Laws Of Motion 10th Science Question 7.
One kilogram force equals to:
(a) 9.8 dyne
(b) 9.8 × 10⁴ N
(c) 98 × 10⁴ dyne
(d) 980 dyne
Answer:
(c) 98 × 10⁴ dyne

10th Standard Science Laws Of Motion Question 8.
The mass of a body is measured on planet Earth as M kg. When it is taken to a planet of radius half that of the Earth then its value will be ____ kg.
(a) 4M
(b) 2M
(c) \(\frac { M }{ 4 }\)
(d) M.
Answer:
(c) \(\frac { M }{ 4 }\)

10th Science Law Of Motion Question 9.
If the Earth shrinks to 50% of its real radius its mass remaining the same, the weight of a body on the Earth will _____ .
(a) decrease by 50%
(b) increase by 50%
(c) decrease by 25%
(d) increase by 300%.
Answer:
(c) decrease by 25%

Laws Of Motion Class 10 In Tamil Question 10.
To project the rockets which of the following
principle(s) is /(are) required?
(a) Newton’s third law of motion
(b) Newton’s law of gravitation
(c) Law of conservation of linear momentum
(d) Both (a) and (c)
Answer:
(d) Both (a) and (c)

II. Fill in the blanks.

10th Science Lesson 1 Question 1.
To produce a displacement _____ is required.
Answer:
force.

10th Science Solution Samacheer Kalvi Question 2.
Passengers lean forward when the sudden brake is applied in a moving vehicle.

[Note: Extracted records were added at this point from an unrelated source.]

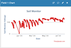 • Record and visualize your experiment's data in ThingSpeak channels. For example, this public soil monitor channel shows measurements from a sensor connected to a plant. You can see the ThingSpeak example pages for help getting your experiment connected.
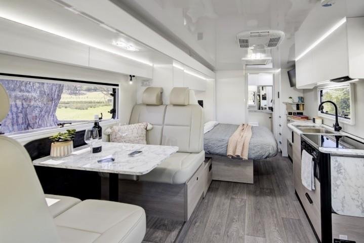 Air Conditioner - Roof mounted, 's own 12V & 240V integrated distribution control panels & energy management system, Awning - roll out with LED light, Awning - slide out awning, Cooktop - 4 burner with grill (3 gas, 1 electric), Fridge / Freezer - AES, Microwave, Radio: Internal - Chassis, Reverse camera - Dual cameras, Seatbelts: 4 x seatbelts with 2 x child restraints, Starlink ready connections, TV - Smart TV living room
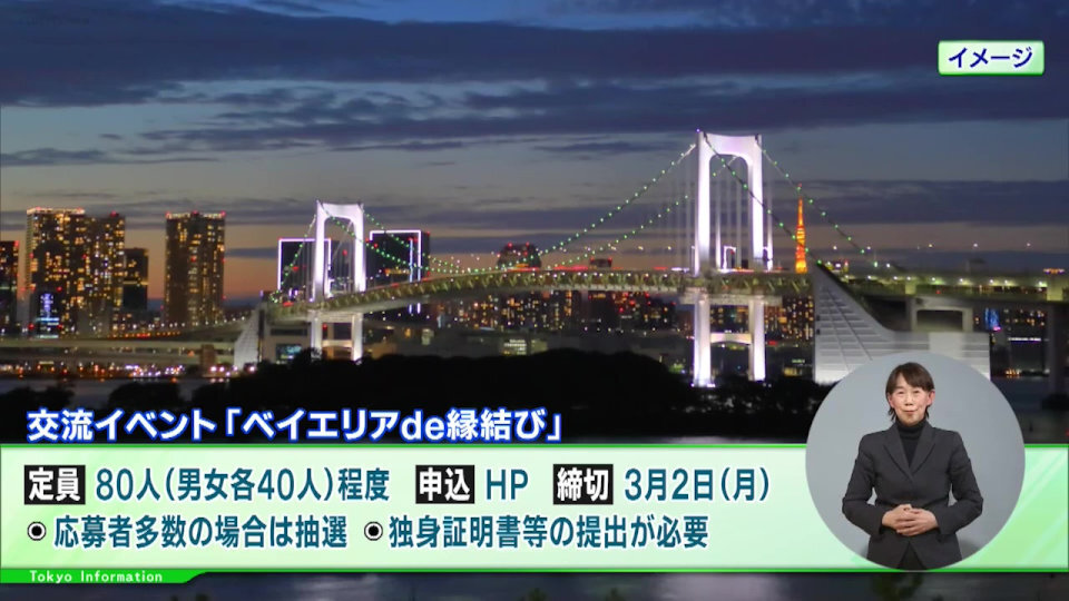 3月8日(日)に開催される交流イベントでは、浜松町シーバンスN館カンファレンスで交流を深めたあと、日の出からお台場海浜公園まで貸切船に乗って、フリートークを楽しみます。対象は、都内在住、在学、在勤の18歳以上の独身の人で、別途、会員登録が必要です。定員は男女それぞれ40人程度で、申し込みの締め切りは3月2日(月)です。
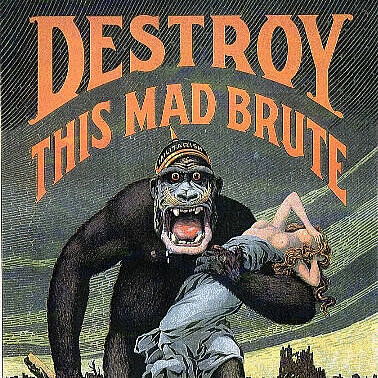 3) Un manifesto propagandistico mostra un terrificante gorilla con un casco con la scritta "militarismo", che tiene in mano una mazza insanguinata con la scritta "kultur" e una donna seminuda mentre marcia sulla costa americana. Fonte, Harry R. Hopps, Wikimedia commons
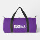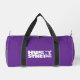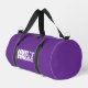 This small size duffel bag is shown in a solid colour of purple with black accents.
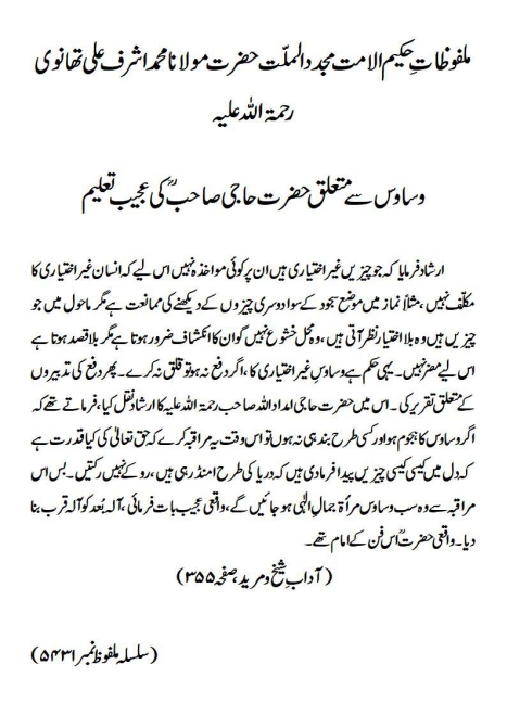 ارشاد فرمایا کہ جو چیزیں غیر اختیاری ہیں ان پر کوئی مواخذہ نہیں اس لیے کہ انسان غیر اختیاری کا مکلف نہیں ، مثلاً نماز میں موضع سجود کے سوا دوسری چیزوں کے دیکھنے کی ممانعت ہے مگر ماحول میں جو چیزیں ہیں وہ بلا اختیار نظر آتی ہیں ، وہ محل خشوع نہیں گو ان کا انکشاف ضرور ہوتا ہے مگر بلا قصد ہوتا ہے اس لیے مضر نہیں۔ یہی حکم ہے وساوسِ غیر اختیاری کا ، اگر دفع نہ ہوتو قلق نہ کرے ۔ پھر دفع کی تدبیروں کے متعلق تقریر کی ۔ اس میں حضرت حاجی امداد اللہ صاحب رحمۃ اللہ علیہ کا ارشاد نقل کیا، فرماتے تھے کہ اگر وساوس کا ہجوم ہو اور کسی طرح بند ہی نہ ہوں تو اس وقت یہ مراقبہ کرے کہ حق تعالیٰ کی کیا قدرت ہے کہ دل میں کیسی کیسی چیزیں پیدا فرمادی ہیں کہ دریا کی طرح امنڈ رہی ہیں ، روکے نہیں رکتیں ۔ بس اس مراقبہ سے وہ سب وساوس مرأۃ جمالِ الٰہی ہو جائیں گے ، واقعی عجیب بات فرمائی ، آلہ بُعد کو آلہ قرب بنا دیا۔واقعی حضرتؒ اس فن کے امام تھے۔ (آداب ِ شیخ و مرید، صفحہ ۳۵۵)
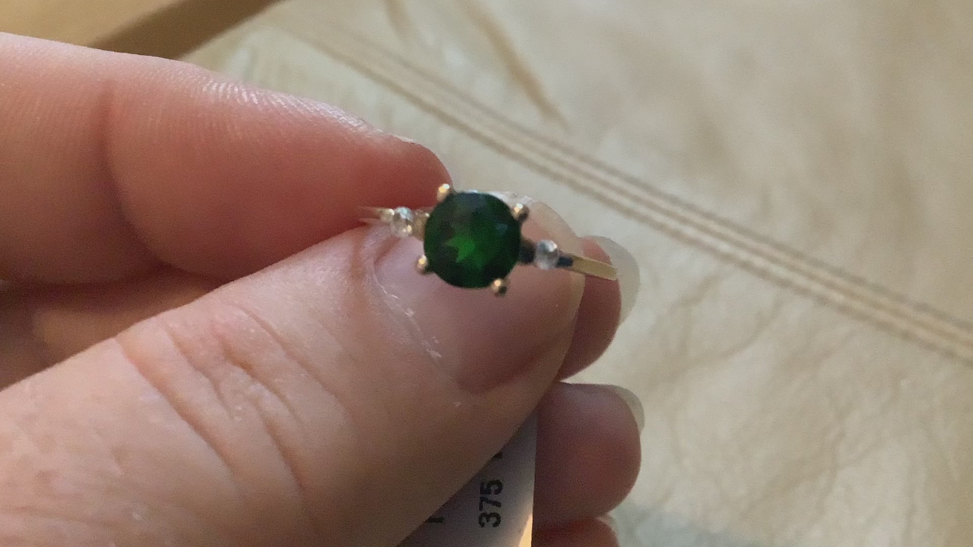 This is a stunning ring, the photos don’t do it justice. From one angle the round cut chrome diopside looks a rich deep green and then you move your hand and it transforms in to a bright, fresh green. It measures 6mm across and on either side are 2mm clear stones, I don't know what they are but they are not diamonds. It’s hallmarked for 9ct gold and stamped TGGC, so it’s an older ring but has never been worn. It still has the tag on. It will come in a new black leatherette box.
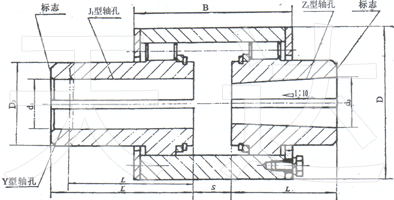 | 型号 | 公称扭矩Tn(N.m) | 许用转速[n]r/min | 轴孔直径d1 d2 | 轴孔配合长度 | D | B | S | 转动惯量Kg.m2 | 质量m Kg | |
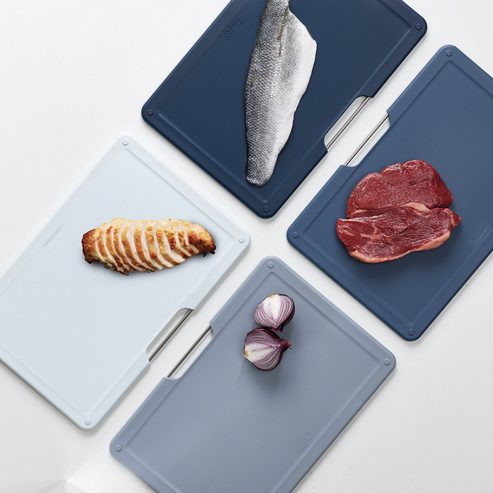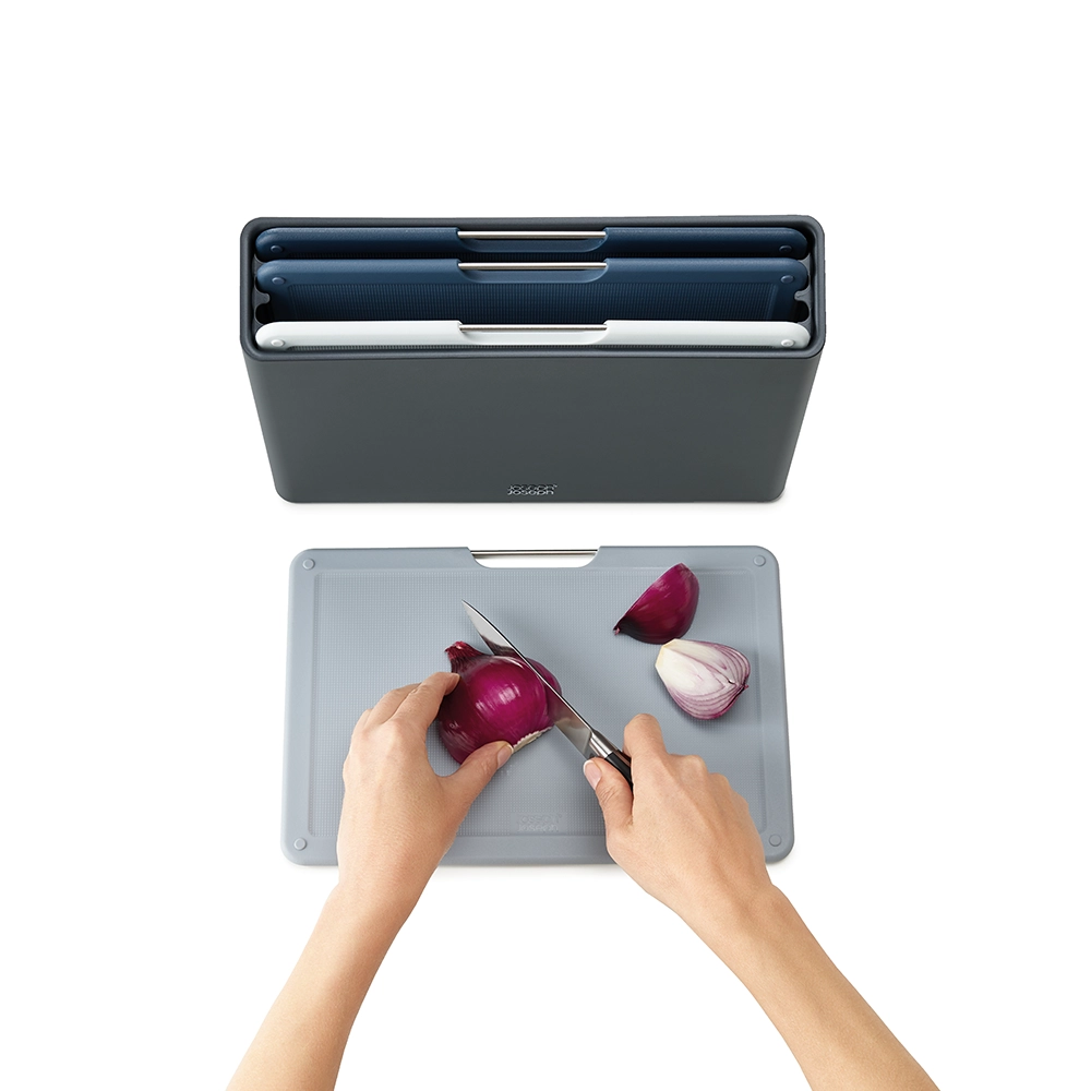 De snijplankenset van Joseph Joseph is een stijlvolle en praktische oplossing voor het bereiden en serveren van gerechten. Deze set bevat vier snijplanken, elk voorzien van antislipvoetjes voor een stabiele en comfortabele snijervaring.
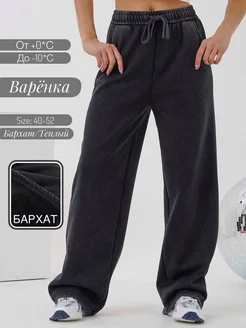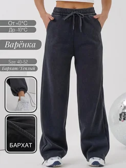 Штаны варенка прямые широкие на резинке c начесом теплые
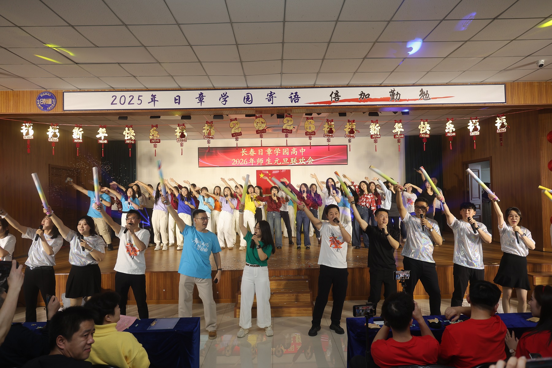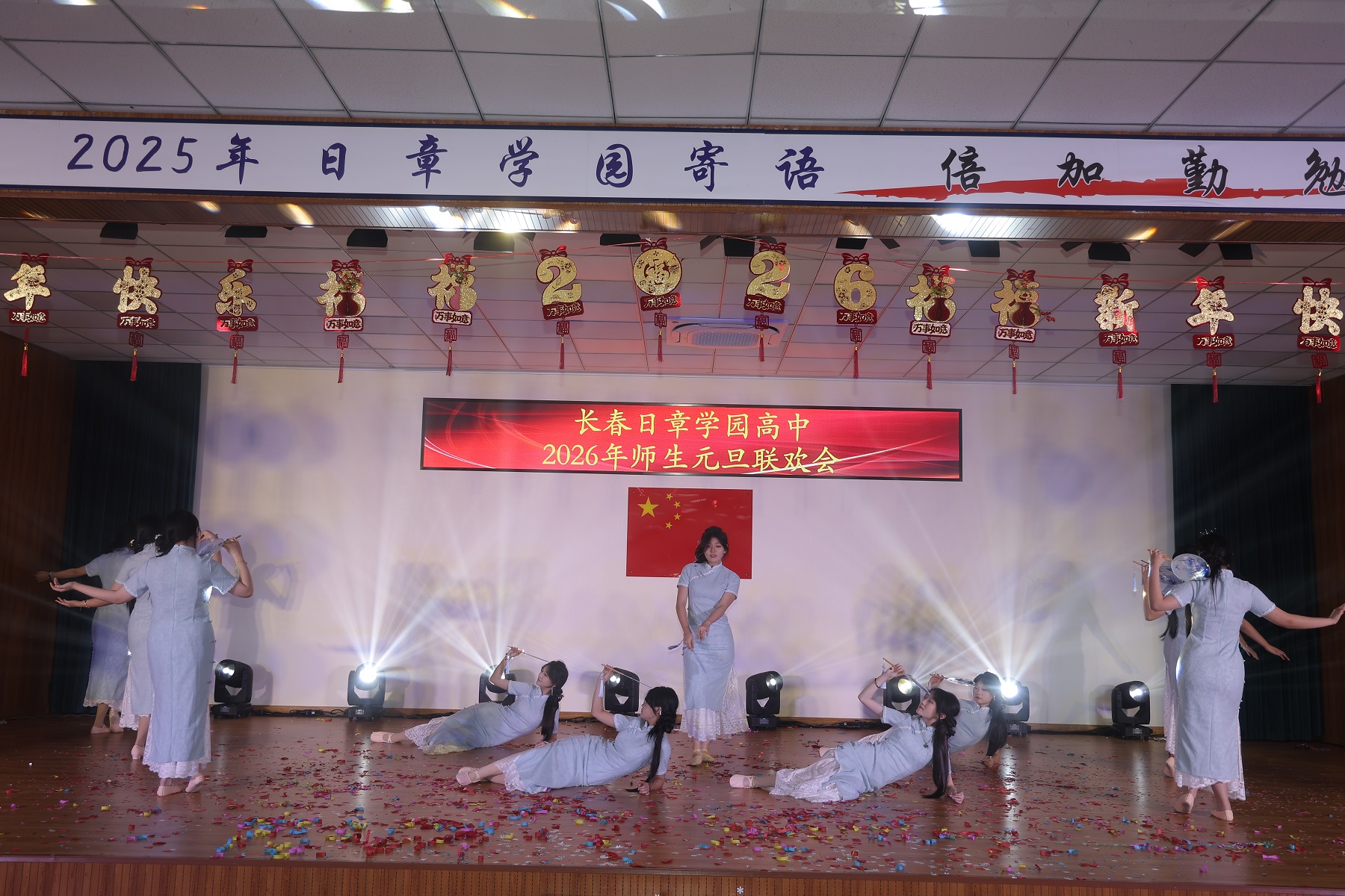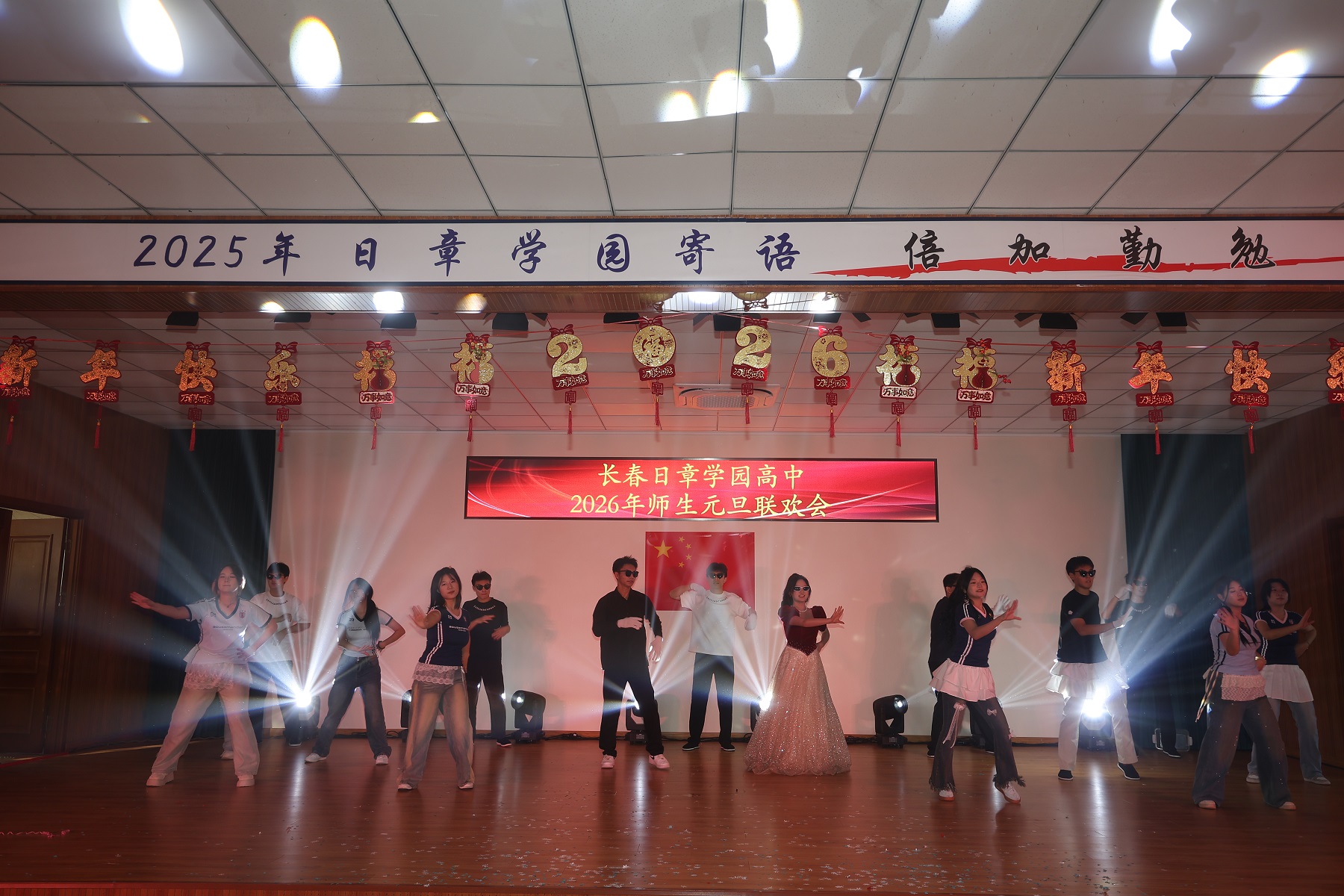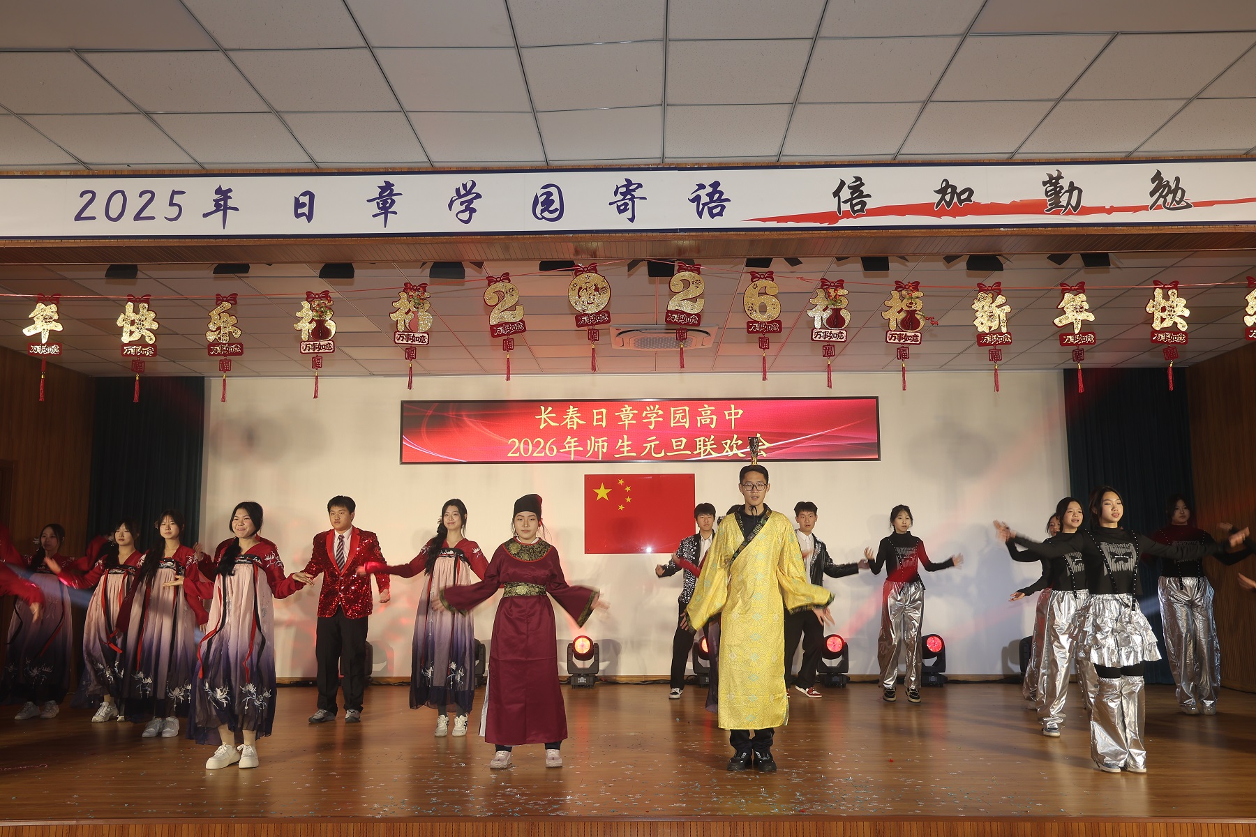 岁序轮转,华章再续。当时光的笔锋勾勒完2025年的丰盈卷册,一幅属于2026年的崭新画卷,正于我们心中徐徐铺展。2025年12月31日上午,长春日章学园高中的礼堂内灯火盈堂、欢声萦绕,师生共聚,以悠扬的歌声致岁月,以翩跹的舞步迎春光。旧年温情未散,新岁希冀已燃,我们在此共赴一场温暖而灿烂的庆典,让情谊在笑语中生根,让梦想在歌声里启程。

This can be explained by ____.
Answer:
the inertia of motion.

Samacheer Kalvi Guru 10th Science Question 3.
By convention, the clockwise moments are taken as _____ and the anticlockwise moments are taken as _____.
Answer:
negative, positive.

10th Science Solutions Samacheer Kalvi Question 4.
______ is used to change the speed of the car.
Answer:
Acceleration.

10th Science Solutions Samacheer Question 5.
A man of mass 100 kg has a weight of _____ at the surface of the Earth.
Answer:
980 N.

III. State whether the following statements are true or false. Correct the statement if it is false:

Class 10 Samacheer Kalvi Science Solutions Question 1.
The linear momentum of a system of particles is always conserved.
Answer:
False.
Correct Statement: The linear momentum of a system of particles is always conserved if no external force acts.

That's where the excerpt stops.